Памятная доска с орфографической ошибкой была помпезно установлена на широкой, выбеленной колонне, прямо перед входом во дворец культуры, задиристо, что ли, нарочито напоказ. Мимо сновали малыши со скрипичными футлярами подмышками и нотными тетрадками в руках, сопровождаемые мамашами и папашами, несшими непосильный груз озабоченности своей внешностью на черствых лицах. Никого из них не волновали ни мемориальная доска, ни моя обеспокоенность по поводу неожиданного открытия.

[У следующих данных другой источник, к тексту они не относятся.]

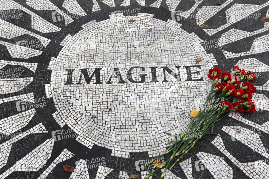 kleiner Bereich im Central Park, gestaltet von Yoko Ono, gewidmet John Lennon, Einweihung 9. Oktober 1985, Mosaik aus schwarzen und weißen Steinchen

Рука невольно потянулась к карману плаща. Его увесисто оттягивал заветный груз. Плоская бутылка из прозрачного стекла. Коричневая, с золотым, этикетка. По центру контурное изображение Большого скалистого хребта. Над ним три звездочки дугой. Темно-янтарного содержимого по горлышко. Я отвинтил металлическую крышку и сделал глоток. В груди разлилась приятная теплота. По телу пробежало электричество. У меня снова появилось тело. Я больше не бесплотный дух, носимый из стороны в сторону каждым порывом ветра. В следующую минуту голова прояснилась, и в ней отчетливо забрезжила мысль, одна-единственная, но крайне настырная: что за грамотей высек этот текст на граните? Что ж, информационный голод тоже необходимо утолять. Я приблизился к двустворчатой двери, пропустил выходящую даму и вошел внутрь этого городского рассадника культуры.